Si la fondation des U3A fait l’objet de plusieurs controverses, la qualité de l’enseignement qui y est dispensé suscite également de nombreuses interrogations. Effectivement, la presque totalité des activités qui s’y déroulent prennent la forme de conférences, de causeries, de cours, choisis comme dans une cafétéria, au goût de la personne, sans contrainte de programme ni d’examens, les personnes inscrites ne postulant pour aucun titre ou diplôme universitaire. Il faut donc noter, toujours selon Levet-Gautrat et Buras-Tugendhaft (1980, p. 68), que ces activités éducatives n’ont aucun caractère contraignant, mais s’orientent plutôt vers le plaisir et l’agrément.

En somme, les U3A fonctionnent d’une manière tout à fait parallèle, voire même étrangère à ce qui se passe dans une institution universitaire (Ecochard, 1980, p. 52). Le vocable U3A ne correspond donc pas à la réalité de ces institutions qui apparaissent plutôt comme des super-clubs culturels (Ecochard, 1980, p. 52 ; Pennec, 1980, p. 90), des Jockey-clubs, où se confortent et se rencontrent les nantis de la culture (Barus-Michel et Wong, 1980, p. 154), […] comme dans n’importe quel « Club Méditerrannée » de rencontre assez informel (Vanbremeersch et Margarido, 1980, p. 127).

Quant aux appellations, elles-mêmes différentes, en plus de la dénomination classique d’université du 3e âge, nous trouvons l’éventail prometteur d’universités du temps libre, du temps disponible, du tiers temps, ouverte, pour tous, de tous âges, de l’âge d’or (Minvielle, 1980, p. 75).
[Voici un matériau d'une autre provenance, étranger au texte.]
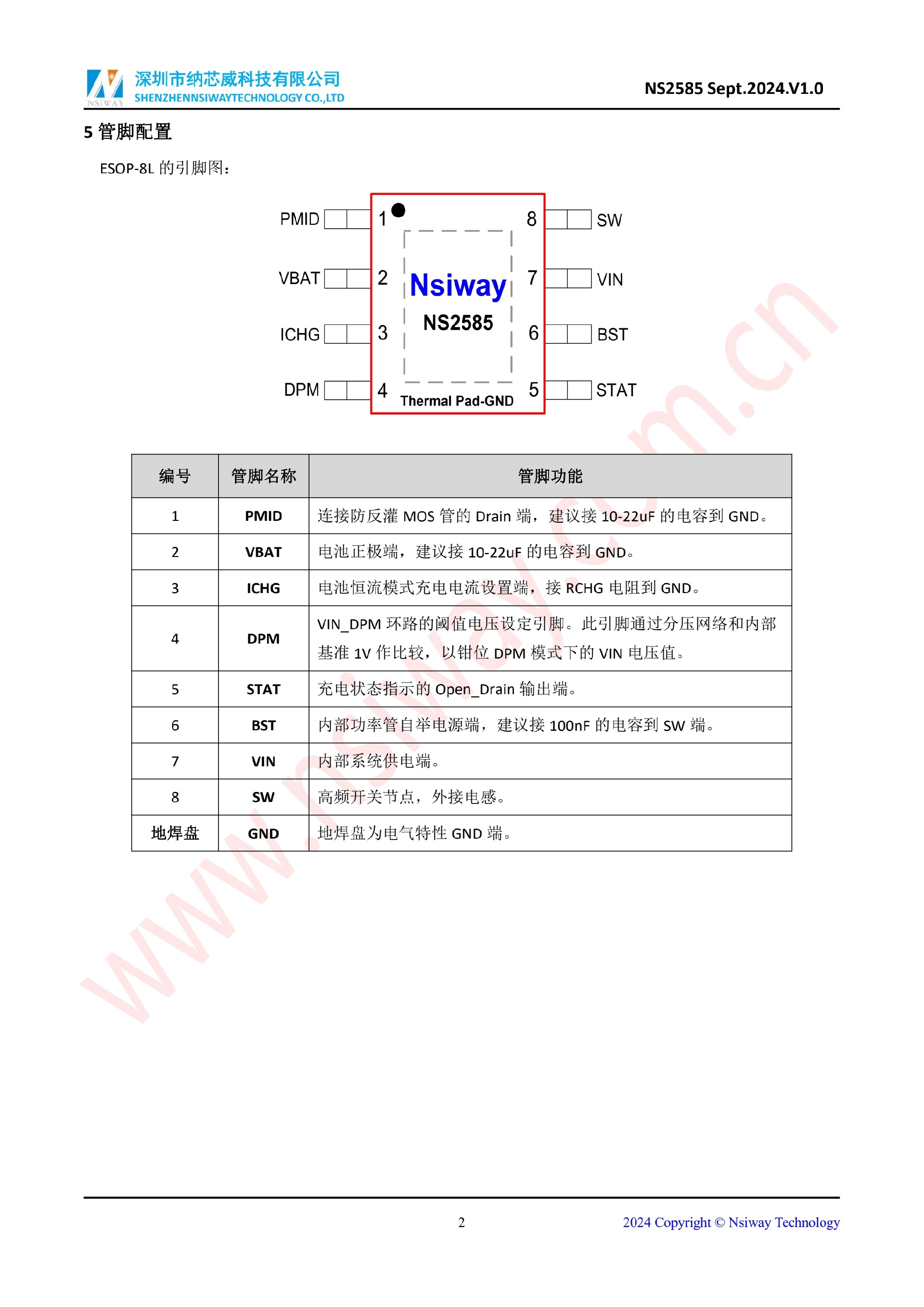 NS2585 最大2A同步升壓型雙節(jié)鋰電池充電管理 IC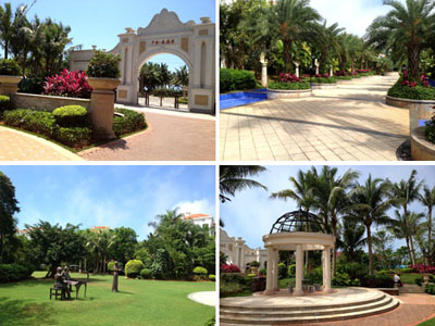 走進(jìn)森海灣,紅瓦白墻、單邊回廊的建筑設(shè)計(jì),與郁郁蔥蔥的植物一起,構(gòu)建了一個(gè)海灣童話城堡世界,營(yíng)造出閑適、愜意、溫馨、雅致的居住氛圍。據(jù)項(xiàng)目負(fù)責(zé)人葉偉華介紹,作為一個(gè)高端住宅區(qū),森海灣對(duì)園林景觀的要求比較高,小區(qū)以中軸景觀帶為主景,設(shè)有游泳池、休閑草坪、疊水等,種植大王椰、霸王棕、鳳凰木、重陽(yáng)木、中東海棗、老人葵等大樹襯托整個(gè)中央主景。各處庭院則選擇豐富多彩的樹種,采用不同的手法布局與建筑完美融合,透露出精細(xì)的西班牙情調(diào),用簡(jiǎn)單詮釋浪漫,點(diǎn)綴悠閑的度假生活,使整個(gè)園林充盈著濃郁的熱帶風(fēng)情。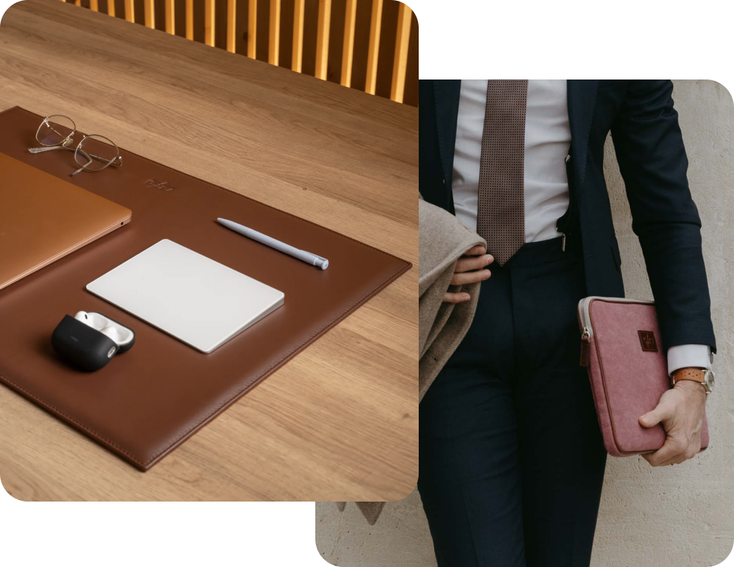 Por supuesto desarrollamos el logo del cliente, sobre la piel o sobre la propia tela. También grabamos las iniciales de cada destinatario final si el cliente quiere hacer un regalo mucho más personal.

Enfin, certains organismes culturels ne revendiquent pas le label universitaire U3A, préférant montrer la vraie réalité de leur situation. C’est le cas, par exemple, de Connaissance 3 dans le canton de Vaud (Suisse) (Sigg, 1980, p. 85), du Club des retraités de la MGEN France (Levet-Gautrat et Buras-Tugendhaft, 1980, p. 66 ; Minvielle, 1980, p. 75), de l’Alliance culturelle de Montréal, de Catalist (Canadian Network for the Third Age Learning) et des Institutes for Learning in Retirements (ILRs), tel celui de l’Université McGill. Aux États-Unis, il existe environ 180 ILRs qui s’apparentent aux modèles français et anglais des universités du troisième âge (Manheimer et Snodgrass, 1993). Nous pourrions énumérer de nombreuses autres associations qui ont les mêmes caractéristiques d’action que les U3A, mais qui préfèrent une appellation moins pompeuse de leur institution (Swindell et Thompson, 1995).

Après cette analyse succincte, nous devons reconnaître, en toute honnêteté intellectuelle, que les institutions qui portent le nom U3A ne sauraient, de façon générale, être comparées à une université traditionnelle. Les U3A sont, dans les faits, des clubs sociaux, voués au développement intellectuel et culturel de leurs membres. Si ces institutions admettaient sans fausse pudeur cette réalité, elles éviteraient d’entretenir l’ambiguïté de cette appellation dans la population. Cela permettrait de développer un climat plus propice à une meilleure collaboration avec les universités traditionnelles.

Les universités traditionnelles

Les universités traditionnelles se préoccupent de plus en plus de la prolifération de ces institutions qui se placent toutes sous le vocable d’université(s), quelle que soit leur origine, ce qu’on y fait et ce qu’on y enseigne. Or, pour les universités traditionnelles, ne devraient se prévaloir de ce titre que les institutions qui ont la double vocation d’enseignement et de recherche. Cet aspect particulier de la situation milite en faveur de l’installation d’une structure 3e âge, au sein des universités, selon Levet-Gautrat et Buras-Tugendhaft (1980, p. 70-71).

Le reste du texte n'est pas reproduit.